Clinical trials: Clinical trials are subject to all policies regarding human research. PAIN Research follows the World Health Organization’s (WHO) definition of a clinical trial: A clinical trial is any research study that prospectively assigns human participants or groups of humans to one or more health-related interventions to evaluate the effects on health outcomes. Interventions include but are not restricted to drugs, cells, and other biological products, surgical procedures, radiologic procedures, devices, behavioral treatments, process-of-care changes, preventive care, etc.
All clinical trials must be registered at or before the time of first patient enrollment in any primary registry of the WHO International Clinical Trials Registry Platform (ICTRP). Authors must provide the registry name and registry number in the cover letter and methods section.
Papers on clinical trials must adhere to the CONSORT reporting guidelines appropriate to their trial design and provide a completed CONSORT checklist and flow diagram as a figure.
Our policies for clinical trial submissions are designed to promote transparency and reproducibility and ensure the integrity of the reporting of patient-centered trials. Editors and reviewers should carefully review trial protocols and registration details and assess manuscripts according to CONSORT.
3) Animal research
All manuscripts reporting animal studies must include the statement indicating that the protocol and procedures were ethically reviewed and approved, as well as the name of the body giving approval, in the Declaration section of the manuscript.

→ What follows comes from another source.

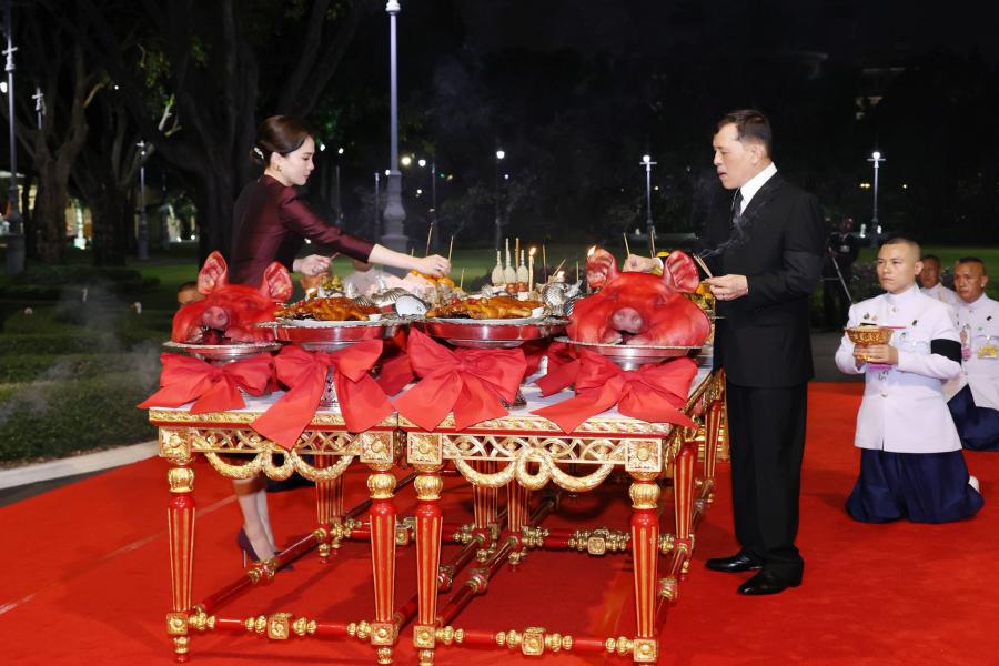 “ในหลวง-พระราชินี”ทรงประกอบพระราชพิธีสังเวยพระป้ายเนื่องในเทศกาลตรุษจีน

Authors are required to adhere to animal research reporting standards, for example the ARRIVE guidelines for reporting study design and statistical analysis; experimental procedures; experimental animals and housing and husbandry. Descriptions of surgical procedures on animals should include the route of drug administration, drug name, and dose of anesthetic used. Authors must also state whether experiments were performed in accordance with relevant institutional and national guidelines for the care and use of laboratory animals.